For decades, databases have supported declarative SQL as well as imperative functions and procedures as ways for users to express data processing tasks. While the evaluation of declarative SQL has received a lot of attention resulting in highly sophisticated techniques, improvements in the efficient evaluation of imperative programs have remained elusive.
Imperative User-Defined Functions (UDFs) and procedures offer several benefits over SQL, including code modularity, reusability and readability. Because of these benefits, imperative programs often are preferred by users and are widely used. Unfortunately, their poor performance discourages and even prohibits their use in many situations. Recognizing the importance of this problem and how little attention it has received, a team of computer scientists at Microsoft’s Gray Systems Lab resolved to rethink the way imperative functions are evaluated in databases.
The outcome of their efforts is Froid, an extensible framework for optimizing imperative programs in relational databases. This work first appeared in a paper at PVLDB titled, “Froid: Optimization of Imperative Programs in a Relational Database” and is going to be presented at VLDB 2018. The purpose of Froid is to enable developers to use the abstraction of UDFs without compromising on performance. Froid introduces a radically different approach to evaluating imperative functions that results in performance improvements of up to multiple orders or magnitude over the existing state of the art.
The root cause of poor performance of UDFs can be attributed to what is known as the impedance mismatch between two distinct programming paradigms at play – the declarative paradigm of SQL and the imperative paradigm of procedural code. Reconciling this mismatch is crucial in order to address this problem and forms the crux of this work.
At the core of Froid is a novel technique that automatically can transform an entire multi-statement UDF into an equivalent relational algebraic expression. This form is now amenable to cost-based optimization and results in highly efficient, set-oriented, parallelizable execution strategies as opposed to inefficient, iterative, serial execution of UDFs.
Today’s database systems are very good at optimizing SQL queries – essentially relational algebraic expressions. One of the key advantages of Froid’s approach is that it leverages existing query optimization rules and techniques by transforming the imperative program into a form that the database query optimizer already understands.

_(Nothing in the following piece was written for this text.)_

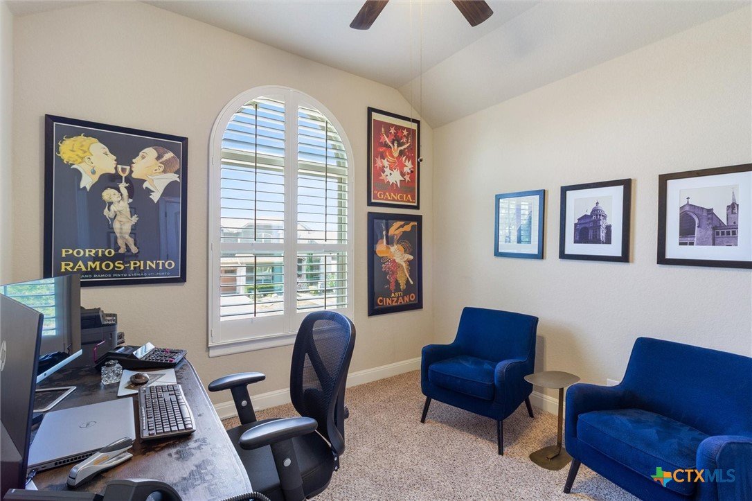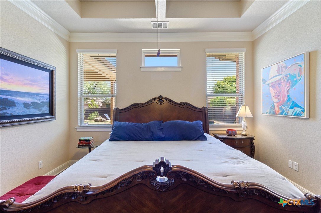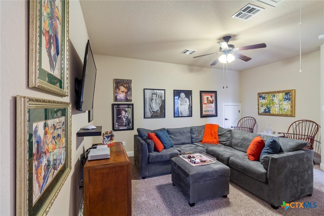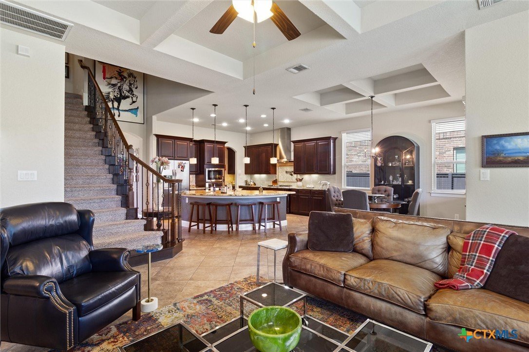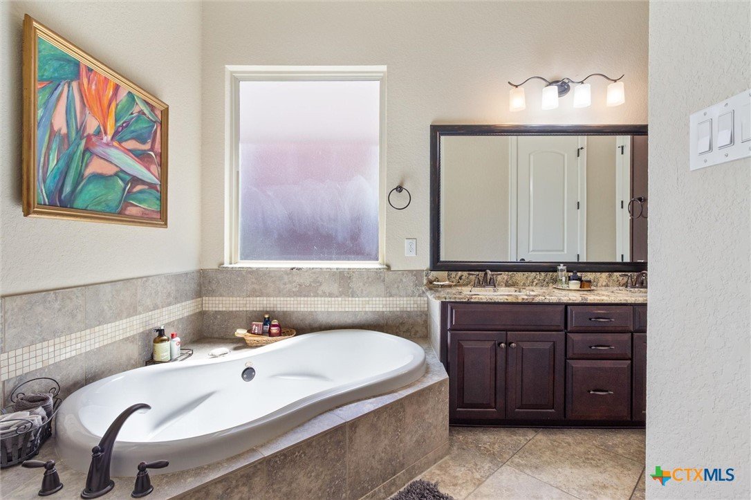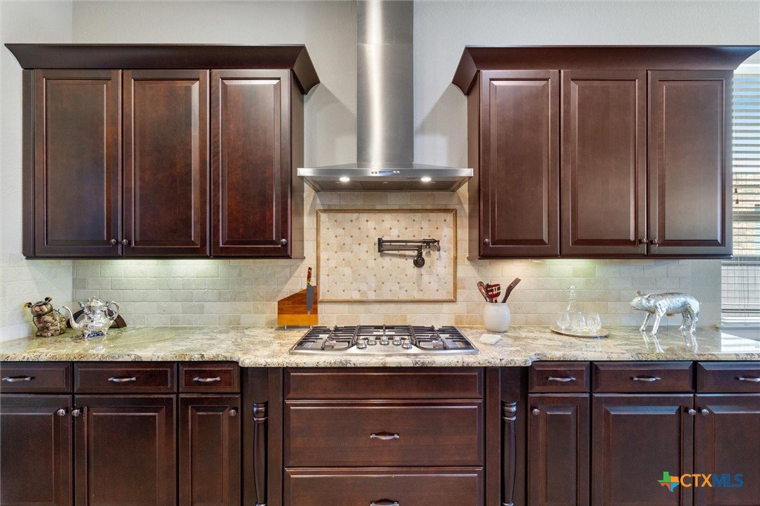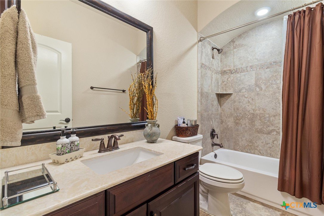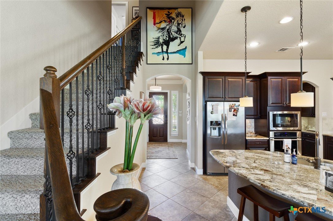 Welcome to 1919 Los Santos Drive, a beautiful home in the lovely Vista De Los Santos community in the Texas Hill Country near downtown San Marcos and Texas State University. This home features four sides of masonry, stainless steel appliances, granite countertops, gas cooking, brick-paved driveways and sidewalks, and a complete irrigation system. The community offers breathtaking views within walking distance of the 570-acre Purgatory Natural Area. Enjoy easy access to IH 35, nearby restaurants, grocery shopping, and the Prime and Tanger Outlets, as well as a convenient location for San Marcos CISD and local private schools. You will enjoy the custom resort-style backyard with a heated pool with LED lighting and a tanning shelf, a washer toss pit, an expansive covered patio, and established landscaping. The owner's suite has a spa-like feel with a separate shower and a large soaking tub. The upstairs features an additional living area, three spacious bedrooms, and two bathrooms. Experience serene and modern living in this premier location today.

In other words, Froid reconciles the declarative-imperative impedance mismatch by transforming imperative programs into a declarative form.
Imperative programs typically go through a compiler that performs several transformations and optimizations. It can be argued that we could use well-known compiler optimization techniques to optimize UDFs as well. However, UDFs executing in a relational database present a different set of challenges and opportunities. For instance, relational operations such as JOINs and GROUP BYs could be implicit in a UDF, and a traditional compiler will not be able to infer such operations.
Froid’s approach not only infers such implicit relational operations but it also automatically brings the benefits of many of these compiler optimizations to UDFs. The relational algebraic transformations built into Froid can be used to arrive at the same result as that of applying compiler optimizations (such as dead code elimination, program slicing and constant folding) to imperative code.
Users prefer to write imperative functions and procedures in a language of their choice, the popular ones being T-SQL, C#, Python, R, Java, and so on. Although Froid’s current focus is on T-SQL UDFs, the underlying technique is language-agnostic; extending it to other imperative languages is quite straightforward.
Based on an experimental evaluation on several real workloads, we demonstrate that Froid can optimize a fairly large subset of UDFs in the wild and it can result in significant benefits in both improving performance and reducing resource (CPU and IO) utilization. Figure 1 shows the factor of improvement observed thanks to Froid on one of the customer workloads. This workload had 93 UDFs and Froid was able to optimize 86 of them. UDFs are plotted along the x-axis, ordered by the observed improvement with Froid (in descending order). The y-axis shows the factor of improvement (in log scale). You can see that the UDFs run about 5x to 1000x faster due to Froid. More details and evaluations can be found in our paper.
We believe this work will enable and encourage wider use of UDFs to build modular, reusable and maintainable applications without compromising on performance and we’re looking forward to discussing the possibilities with you in person in Rio de Janeiro at VLDB 2018!